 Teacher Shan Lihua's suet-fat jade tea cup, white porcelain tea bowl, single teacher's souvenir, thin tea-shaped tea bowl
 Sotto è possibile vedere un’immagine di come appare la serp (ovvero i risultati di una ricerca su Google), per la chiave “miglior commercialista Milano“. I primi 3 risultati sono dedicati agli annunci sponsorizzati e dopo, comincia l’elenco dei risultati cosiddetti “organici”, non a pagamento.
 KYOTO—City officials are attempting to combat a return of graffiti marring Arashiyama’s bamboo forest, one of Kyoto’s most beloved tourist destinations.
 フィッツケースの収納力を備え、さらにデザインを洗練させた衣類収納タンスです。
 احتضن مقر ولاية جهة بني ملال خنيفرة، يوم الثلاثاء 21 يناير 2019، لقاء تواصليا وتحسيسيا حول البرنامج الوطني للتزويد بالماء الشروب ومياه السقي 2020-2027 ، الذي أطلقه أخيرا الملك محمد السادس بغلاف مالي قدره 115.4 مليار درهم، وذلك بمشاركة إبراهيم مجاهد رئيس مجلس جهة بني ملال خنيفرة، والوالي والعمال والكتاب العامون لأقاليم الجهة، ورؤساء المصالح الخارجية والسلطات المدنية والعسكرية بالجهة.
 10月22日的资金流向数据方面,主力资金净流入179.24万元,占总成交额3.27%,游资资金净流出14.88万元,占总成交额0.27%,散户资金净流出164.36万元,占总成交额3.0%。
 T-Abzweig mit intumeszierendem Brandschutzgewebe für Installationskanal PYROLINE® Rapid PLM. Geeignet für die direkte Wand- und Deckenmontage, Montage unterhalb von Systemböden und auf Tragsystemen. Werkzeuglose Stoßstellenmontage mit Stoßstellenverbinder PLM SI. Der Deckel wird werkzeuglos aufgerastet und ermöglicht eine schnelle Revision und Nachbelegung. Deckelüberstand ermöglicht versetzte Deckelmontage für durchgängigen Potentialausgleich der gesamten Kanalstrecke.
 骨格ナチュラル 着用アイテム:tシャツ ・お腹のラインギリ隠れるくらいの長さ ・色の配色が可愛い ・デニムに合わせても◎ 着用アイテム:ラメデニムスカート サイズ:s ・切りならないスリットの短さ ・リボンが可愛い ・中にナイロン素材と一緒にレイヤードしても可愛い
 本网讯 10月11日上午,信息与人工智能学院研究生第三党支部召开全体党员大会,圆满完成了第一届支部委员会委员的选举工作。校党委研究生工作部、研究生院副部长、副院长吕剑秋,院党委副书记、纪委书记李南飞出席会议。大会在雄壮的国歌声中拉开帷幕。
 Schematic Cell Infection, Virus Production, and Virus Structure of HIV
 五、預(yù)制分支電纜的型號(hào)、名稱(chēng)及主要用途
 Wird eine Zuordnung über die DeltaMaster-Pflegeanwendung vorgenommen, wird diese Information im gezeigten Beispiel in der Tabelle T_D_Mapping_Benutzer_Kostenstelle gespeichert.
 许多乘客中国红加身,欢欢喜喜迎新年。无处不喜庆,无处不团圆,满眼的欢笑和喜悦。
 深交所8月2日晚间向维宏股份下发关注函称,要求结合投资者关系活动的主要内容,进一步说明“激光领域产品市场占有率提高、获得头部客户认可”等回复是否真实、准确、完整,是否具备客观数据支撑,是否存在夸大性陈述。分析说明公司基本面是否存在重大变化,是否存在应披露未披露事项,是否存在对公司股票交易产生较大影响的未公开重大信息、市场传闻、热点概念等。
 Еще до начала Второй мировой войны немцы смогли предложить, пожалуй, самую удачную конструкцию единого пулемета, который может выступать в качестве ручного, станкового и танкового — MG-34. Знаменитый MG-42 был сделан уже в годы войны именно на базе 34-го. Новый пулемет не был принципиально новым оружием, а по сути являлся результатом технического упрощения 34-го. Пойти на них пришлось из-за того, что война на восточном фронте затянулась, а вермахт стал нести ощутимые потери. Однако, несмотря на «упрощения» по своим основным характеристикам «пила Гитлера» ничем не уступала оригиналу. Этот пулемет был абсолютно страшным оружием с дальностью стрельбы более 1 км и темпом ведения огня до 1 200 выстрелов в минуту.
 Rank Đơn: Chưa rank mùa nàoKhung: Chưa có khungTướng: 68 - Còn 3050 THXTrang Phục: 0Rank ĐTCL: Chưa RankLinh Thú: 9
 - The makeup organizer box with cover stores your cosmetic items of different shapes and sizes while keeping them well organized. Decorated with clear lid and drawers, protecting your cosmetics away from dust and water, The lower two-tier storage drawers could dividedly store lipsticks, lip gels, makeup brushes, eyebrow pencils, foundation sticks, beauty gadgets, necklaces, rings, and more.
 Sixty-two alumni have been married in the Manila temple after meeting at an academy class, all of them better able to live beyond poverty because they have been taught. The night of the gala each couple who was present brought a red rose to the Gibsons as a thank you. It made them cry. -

**WORK REQUIRED**
Each record above needs to be reproduced exactly as written.

**YOUR RESPONSE**
 Teacher Shan Lihua's suet-fat jade tea cup, white porcelain tea bowl, single teacher's souvenir, thin tea-shaped tea bowl
 Sotto è possibile vedere un’immagine di come appare la serp (ovvero i risultati di una ricerca su Google), per la chiave “miglior commercialista Milano“. I primi 3 risultati sono dedicati agli annunci sponsorizzati e dopo, comincia l’elenco dei risultati cosiddetti “organici”, non a pagamento.
 KYOTO—City officials are attempting to combat a return of graffiti marring Arashiyama’s bamboo forest, one of Kyoto’s most beloved tourist destinations.
 フィッツケースの収納力を備え、さらにデザインを洗練させた衣類収納タンスです。
 احتضن مقر ولاية جهة بني ملال خنيفرة، يوم الثلاثاء 21 يناير 2019، لقاء تواصليا وتحسيسيا حول البرنامج الوطني للتزويد بالماء الشروب ومياه السقي 2020-2027 ، الذي أطلقه أخيرا الملك محمد السادس بغلاف مالي قدره 115.4 مليار درهم، وذلك بمشاركة إبراهيم مجاهد رئيس مجلس جهة بني ملال خنيفرة، والوالي والعمال والكتاب العامون لأقاليم الجهة، ورؤساء المصالح الخارجية والسلطات المدنية والعسكرية بالجهة.
 10月22日的资金流向数据方面,主力资金净流入179.24万元,占总成交额3.27%,游资资金净流出14.88万元,占总成交额0.27%,散户资金净流出164.36万元,占总成交额3.0%。
 T-Abzweig mit intumeszierendem Brandschutzgewebe für Installationskanal PYROLINE® Rapid PLM. Geeignet für die direkte Wand- und Deckenmontage, Montage unterhalb von Systemböden und auf Tragsystemen. Werkzeuglose Stoßstellenmontage mit Stoßstellenverbinder PLM SI. Der Deckel wird werkzeuglos aufgerastet und ermöglicht eine schnelle Revision und Nachbelegung. Deckelüberstand ermöglicht versetzte Deckelmontage für durchgängigen Potentialausgleich der gesamten Kanalstrecke.
 骨格ナチュラル 着用アイテム:tシャツ ・お腹のラインギリ隠れるくらいの長さ ・色の配色が可愛い ・デニムに合わせても◎ 着用アイテム:ラメデニムスカート サイズ:s ・切りならないスリットの短さ ・リボンが可愛い ・中にナイロン素材と一緒にレイヤードしても可愛い
 本网讯 10月11日上午,信息与人工智能学院研究生第三党支部召开全体党员大会,圆满完成了第一届支部委员会委员的选举工作。校党委研究生工作部、研究生院副部长、副院长吕剑秋,院党委副书记、纪委书记李南飞出席会议。大会在雄壮的国歌声中拉开帷幕。
 Schematic Cell Infection, Virus Production, and Virus Structure of HIV
 五、預(yù)制分支電纜的型號(hào)、名稱(chēng)及主要用途
 Wird eine Zuordnung über die DeltaMaster-Pflegeanwendung vorgenommen, wird diese Information im gezeigten Beispiel in der Tabelle T_D_Mapping_Benutzer_Kostenstelle gespeichert.
 许多乘客中国红加身,欢欢喜喜迎新年。无处不喜庆,无处不团圆,满眼的欢笑和喜悦。
 深交所8月2日晚间向维宏股份下发关注函称,要求结合投资者关系活动的主要内容,进一步说明“激光领域产品市场占有率提高、获得头部客户认可”等回复是否真实、准确、完整,是否具备客观数据支撑,是否存在夸大性陈述。分析说明公司基本面是否存在重大变化,是否存在应披露未披露事项,是否存在对公司股票交易产生较大影响的未公开重大信息、市场传闻、热点概念等。
 Еще до начала Второй мировой войны немцы смогли предложить, пожалуй, самую удачную конструкцию единого пулемета, который может выступать в качестве ручного, станкового и танкового — MG-34. Знаменитый MG-42 был сделан уже в годы войны именно на базе 34-го. Новый пулемет не был принципиально новым оружием, а по сути являлся результатом технического упрощения 34-го. Пойти на них пришлось из-за того, что война на восточном фронте затянулась, а вермахт стал нести ощутимые потери. Однако, несмотря на «упрощения» по своим основным характеристикам «пила Гитлера» ничем не уступала оригиналу. Этот пулемет был абсолютно страшным оружием с дальностью стрельбы более 1 км и темпом ведения огня до 1 200 выстрелов в минуту.
 Rank Đơn: Chưa rank mùa nàoKhung: Chưa có khungTướng: 68 - Còn 3050 THXTrang Phục: 0Rank ĐTCL: Chưa RankLinh Thú: 9
 - The makeup organizer box with cover stores your cosmetic items of different shapes and sizes while keeping them well organized. Decorated with clear lid and drawers, protecting your cosmetics away from dust and water, The lower two-tier storage drawers could dividedly store lipsticks, lip gels, makeup brushes, eyebrow pencils, foundation sticks, beauty gadgets, necklaces, rings, and more.
 Sixty-two alumni have been married in the Manila temple after meeting at an academy class, all of them better able to live beyond poverty because they have been taught. The night of the gala each couple who was present brought a red rose to the Gibsons as a thank you. It made them cry. -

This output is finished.